Website: Seanan McGuire
Excerpts from the interview:
‘‘My family was extraordinarily poor when I was growing up. My mom would go to flea markets and yard sales and just come home with boxes of random books: what she could afford, and what I liked to read. The only restrictions placed on my reading were that I couldn’t read Heinlein because she’d heard he was dirty, and I couldn’t read King because she’d heard he was scary. I snuck some Heinlein and thought it was boring (I was about eight), and I snuck some King and decided that was the best thing ever!
‘‘I realized I could be a writer because of Stephen King – he likes to write about authors, and they write books! I was like, ‘Wait – people write books?’ I hadn’t really put that together before. (I thought they grew on trees. I was a very odd small child.) At that point, I decided that I was going to be either an author or the Despotic Princess of Halloween Town. Both of these goals were very firm. I started writing pretty much immediately. Most of my early books were very, very bad, but they were at least ten pages long, which for an eight-year-old is hugely impressive. And then I just didn’t stop.”
…
“Toby Daye is a sort of Faerie PI. I’m really not a private-eye fan, but taking the human world and the Faerie world and knocking them together (where Faerie is a feudalistic society with these very regimented courts), I needed to have a character that could move easily between those worlds. A lot of 1980s horror shows were centered around people investigating things. And I like research, I like looking for things. I’ve had people criticize the fact that Toby is really not a very good detective, but I’ve never said she was a good detective – she’s a terrible detective! She’s just one of the only people willing to do the job.

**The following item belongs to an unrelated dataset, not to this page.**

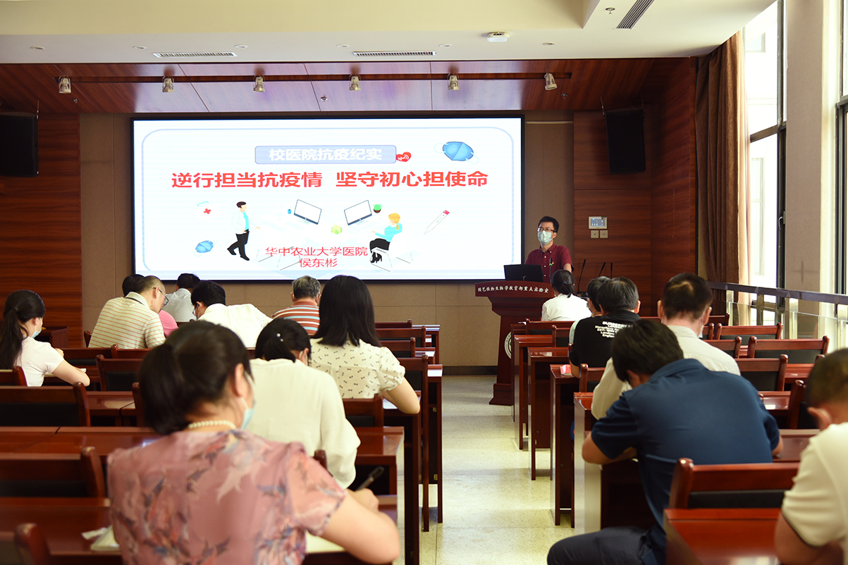 7月1日下午,为庆祝中国共产党成立99周年,果树系教工党支部在园林院南楼204报告厅举行主题党日活动,特邀校医院侯东彬副经理为支部党员讲述校医院抗疫故事和抗疫榜样雷磊医生的先进事迹。活动由果树系教工党支部书记徐强教授主持,公司党委书记张宏荣、行政党支部、茶学党支部、实验室党支部、园林党支部等同志也参加学习。

‘‘I am always one book from the exit. If book seven is the last, it would not be the exit I want, but it would be solid enough as an ending that I would be satisfied. I’ve been putting in bits and pieces to tell you what’s to come since the title of Rosemary and Rue – there is actually a large clue there to what happens in book eight. (I’ve only had three people pick it up, but it can be done!) Part of it is that I am doing some things that are very complicated, and part is that I never want you to feel betrayed. The pieces are all there. Aside from my overall outline, I have a very ornate character wiki which projects certain things, like, ‘After X happens, Y can happen.’ ”
…
‘‘The [Mira Grant] series began with Feed. When I try to explain it, I say it’s Transmetropolitan meets The West Wing meets Resident Evil, and this is not inaccurate. I’m fascinated by zombie stories where, in order for them to work, you must have never heard of zombies before. (That is no longer believable for me, unless you want to explicitly set your story in 1972.) I wrote my book before the current zombie craze, but when Orbit announced it I did get a couple of folks going, ‘Oh god, another zombie novel. It must have just been pounded out.’ To which I say, ‘It’s 150,000 words long! What do you think I am? Apparently, you think I have superpowers.’
…
“My new series InCryptid, starting with Discount Armageddon, is about the kind of characters I’ve been dealing with for a long time, but it’s also about cryptozoology and this big, crazy-ass family. The premise of InCryptid is: until about five generations ago, the Price family belonged to a globe-spanning organization of monster-hunters called the Covenant of St. George, whose basic mission statement is, ‘If it wasn’t on the Ark, kill it.’ But do we really know what was on the Ark? That’s part of the problem…”
…
“I’m very tired. I’m working a full-time day job, putting out three books a year (and we’re trying to go to four). At any given time, I’m writing books in three to five different series, because that’s how I detox myself – when I get too stressed out with Toby, I go and work on InCryptid for a while, and when that becomes stressful I go and write a YA novel or a romantic comedy or something. I have three cats, I have a comic strip, I do short fiction, and I do filk. I need a nap.”